Wednesday, December 03, 2014

Alimentary, My Dear Watson

I walk out one morning but not before I hear a loud voice, very angry. One of the uphill neighbors is berating somebody.
He drifts away up the trail in volume. Then I see what was troubling him.

Where yesterday there was but woods with nary a human habitat in sight, there has miraculously appeared without sound or notice a series of log buildings. I stand and watch but nothing appears more sensible.

The logs for the buildings, four or five in number and laid out end to end, are newly pine. I cannot tell what they are for. Here is an official of some sort. He seems to be the only such on site.

What are you doing? is my question. It's all within our rights, he doesn't answer.

Look, I say, you have removed our juniper fence and have your border blocking even our driveway! He says, we did a survey.
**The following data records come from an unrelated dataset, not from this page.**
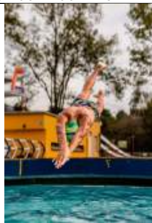
PARTICIPACIÓN LIGA DE TRIATLÓN
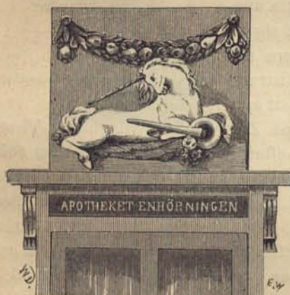
Fig. 79. Apoteket Enhörningens skylt.
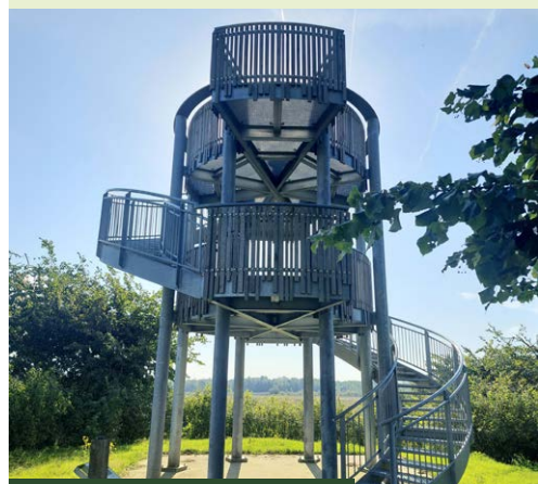
Tour de Frans op Banisveld

Kp 9 – kp 46 | Op kruising bij kp 9 RD Langendonksedijk. Bij kruising RA Heibloemdijk ( kijkpunt B ). Einde RA , Logtsebaan (routen netwerk verlaten) Op kruising LA doodlopende onverharde weg, Achtbunderse Dijk. Op kruising schuin L veerooster over en
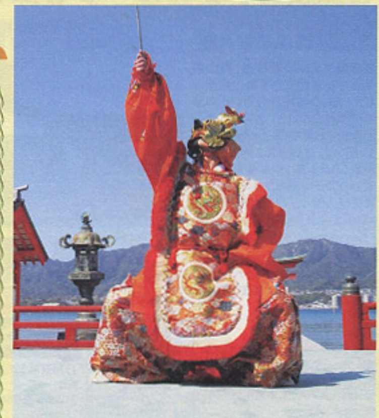
2016年12月6日厳島神社にて舞臺奉納

厳島神社・宮島では、シンポジウム・コンサート・カメラ女子旅・野村萬斎奉納狂言・観月能などを予定。2016年夏に平和記念公園東側に新たなランドマークであるおりづるタワーがオープン。遠くは宮島までを見渡せる展望スペースや、復興を遂げた街並みを見て、知って、体感できるワークショップ、広島グルメやショッピングが楽しめるフロアがそろう。
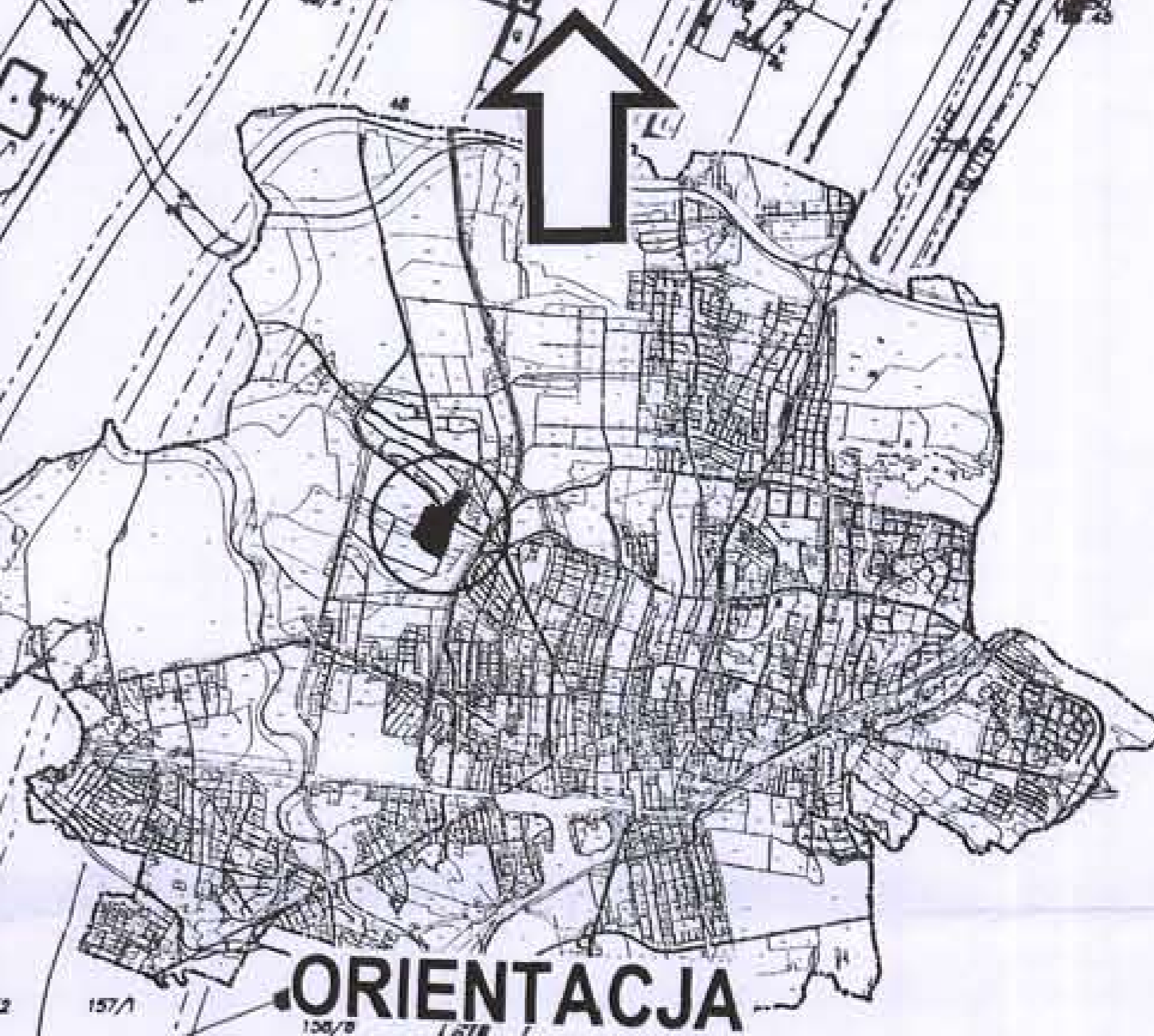
WYRYS ZE STUDIUM UWARUNKOWAŃ I KIERUNKÓW ZAGOSPODAROWANIA PRZESTRZENNEGO GMINY MIASTA TARNOWA skala 1 : 10000
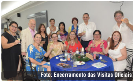
Foto: Encerramento das Visitas Oficiais
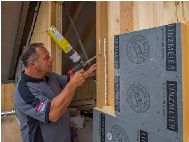
LINIREC für Tür- und Fensterlaibungen oder beim Fenster- und Bohleneinbau
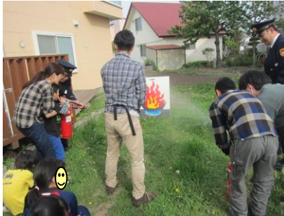
スタッフも全員体験しました☆
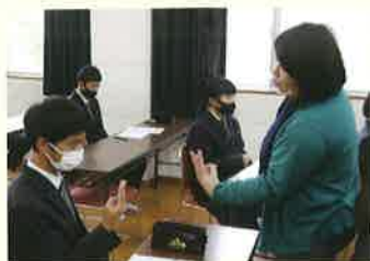
▲ふくしらぼ(手話講座)
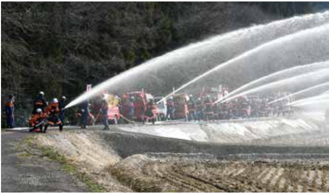
昨年の一斉放水訓練の様子

村の森林資源や農業資源、水資源を利活用することで、地球のため、世界のために、脱炭素化に微力ながら、貢献させていただくものです。
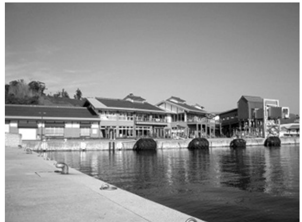
フェリーの発着所でもあり、売店や食堂も併設された海士町の玄関キンニャモニャセンター

そして、攻めの実行部隊となる産業3課（観光と定住対策を担う「交流促進課」、第一次産業の振興を図る「地産地商課」、新たな産業の創出を目指す「産業創出課」）を設置し、その3課を役場の庁舎ではなく、町の玄関で、情報発信基地であり、アンテナショップでもある港のキンニャモニャセンターのワンフロアに置いた 8) 。
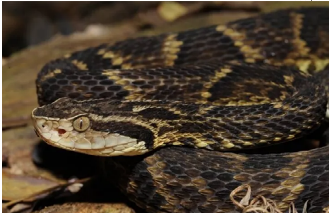
O efeito do veneno da jararaca muda conforme a idade do réptil

Ao chegarem ao local, os bombeiros utilizaram pinçotes adequados para capturar a serpente, garantindo a segurança
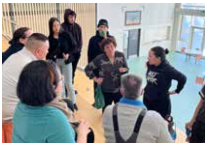
Demokratidag i Ilulissat.
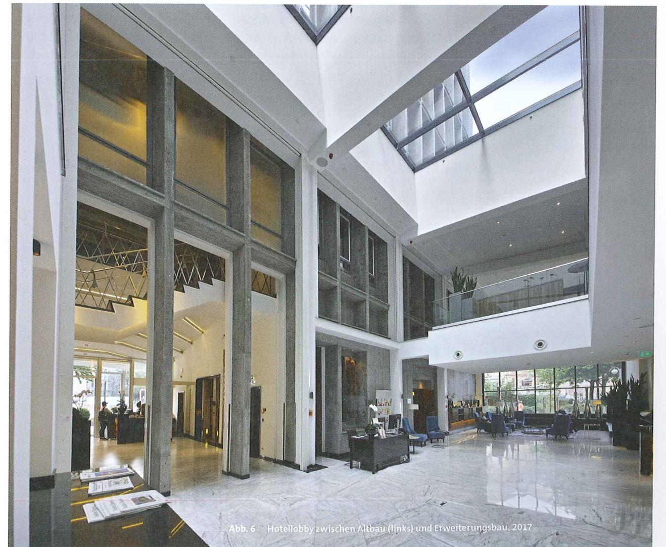
Abb. 6 Hotellobby zwischen Altbau (links) und Erweiterungsbau, 2017

chem Ausmaß sich abschnittsweise der Bereich oberhalb der Schaufensteranlagen verändert hatte. Neben der notwendigen energetischen Erhöhung der ehemaligen Schaufenster (hier durch eine in ihrer Profilstärke minimierte Isolierverglasung) war Ziel, den architektonisch anspruchsvollen Zustand der Erbauungszeit wiederzugewinnen. Durch das Entfernen der Verkleidungen oberhalb der zur Bleichstraße orientierten Schaufenster wurden zugleich auch die Pfeiler oberhalb der Vitrinen wieder freigestellt. Die historischen Schaufensteranlagen und die ehemaligen Ladentüren blieben – restauriert – erhalten. Die bauzeitliche Farbgebung der Dach-Unterseite mit ihren kreisrunden Öffnungen erfolgte auf Grundlage restauratorisch ermittelter Befunde. Die bereits vor der Sanierung abgedeckten – ursprünglich allerdings offenen – kreisrunden Ausschnitte im Vordach
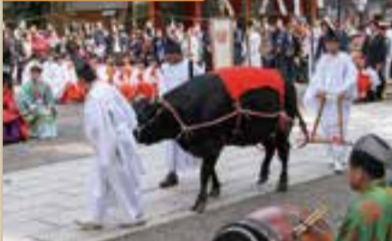
香取神宮御田植祭
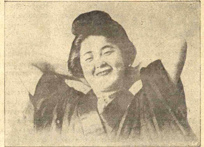
Ἰαπωνίς (Μουσὴ τῶν τεύσιπολεσιῶν)
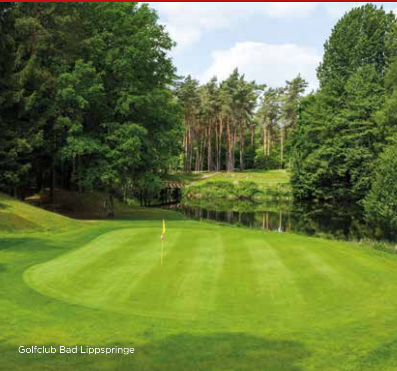
Golfclub Bad Lippspringe
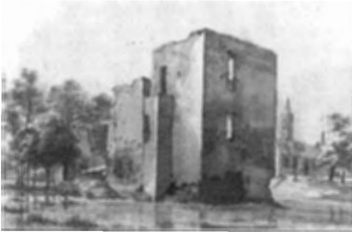
De ruïne van kasteel Lievendaal, in 1646/47 door Roelant Roghman vanuit het zuidoosten getekend. Het rechter bouwdeel is mogelijk een woontoren. Links is de nog bestaande singel te zien en rechts de voorburcht met het bijgebouw. Daarachter is de toren van de Andrieskerk in Amerongen herkenbaar.
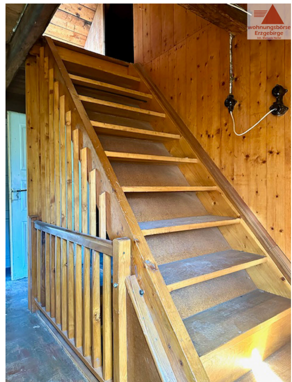
Treppe zum Boden
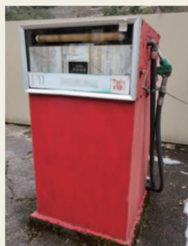
16. ガソリンスタンド アメリカ映画に出てきそう。カッコイイ！
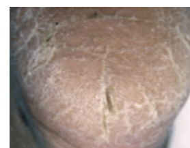
sehr trockene, rissige Haut
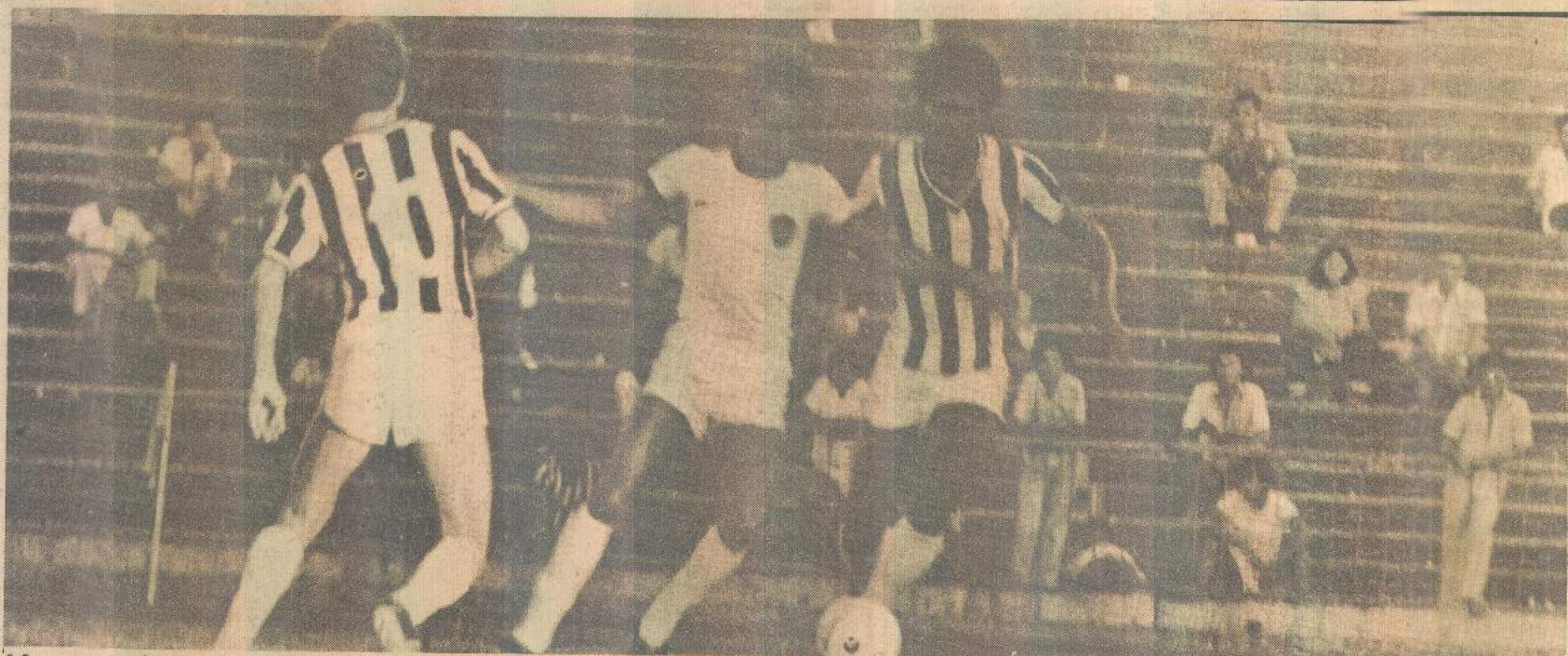
Magno continua sendo sacrificado, enquanto os dirigentes teimam em manter um time fraco para este ano
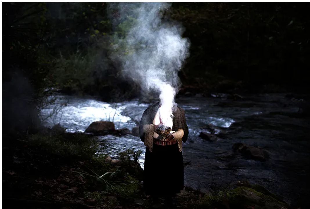
Fotografía de la serie Iluikak .
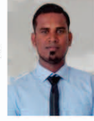
FM. ANEES Member
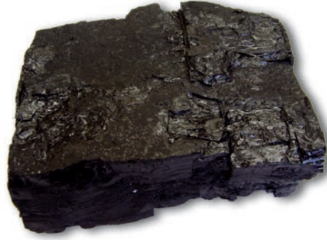
चित्र 5.1 : कोयला।

आपने कोयला देखा होगा या इसके बारे में सुना होगा (चित्र 5.1)। यह पत्थर जैसा कठोर और काले रंग का होता है।
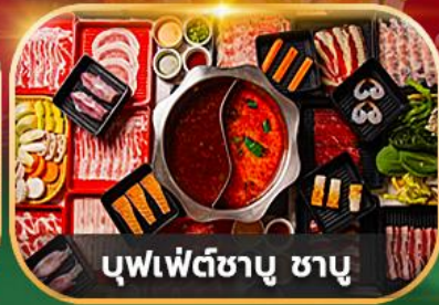
บุฟเฟ่ต์ซาบู ซาบู
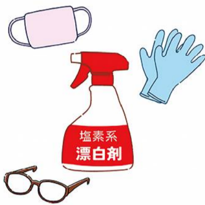
塩素系漂白剤はゴム手袋やメガネ、マスクなどをしてご使用を。
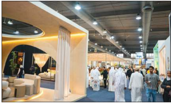
جانب من معرض «مرزام»
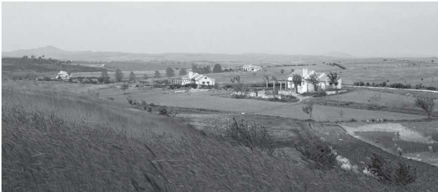
Fig. 10 — Os casais após a construção das pérgulas.

A proposta final estabeleceu como princípio a consideração do pátio de lavoura como elemento estruturante do conjunto edificado. O edifício decorre da justaposição de vários volumes, cada um desenhado e dimensionado exclusivamente em função das condições e necessidades da sua função, não existindo qualquer concessão ou elemento de relação que permita uma articulação com os restantes. Esta condição da composição, e o facto de não se encerrar todo o perímetro do pátio, permitiria que se acrescentasse em qualquer momento outro volume.

He seems sure of himself. Must represent some corporate monolith. I ask how many there will be to occupy these buildings. One, he says. He figures he need not take me seriously. I am but a rooster clucking in his yard.

Lady and I walk down the road. Weird neighbor has one of the new pine cabins  on his property. He is out, tells us, yes, he has an agreement with the interlopers. He tries to entice Lady into his yard, as is his wont. I tell her we must go, remember? I swear as we walk down the road. We have enough trouble without engaging the lonely loon again. (He used to drop by and try and catch Lady out on the road. We finally managed to discourage him.)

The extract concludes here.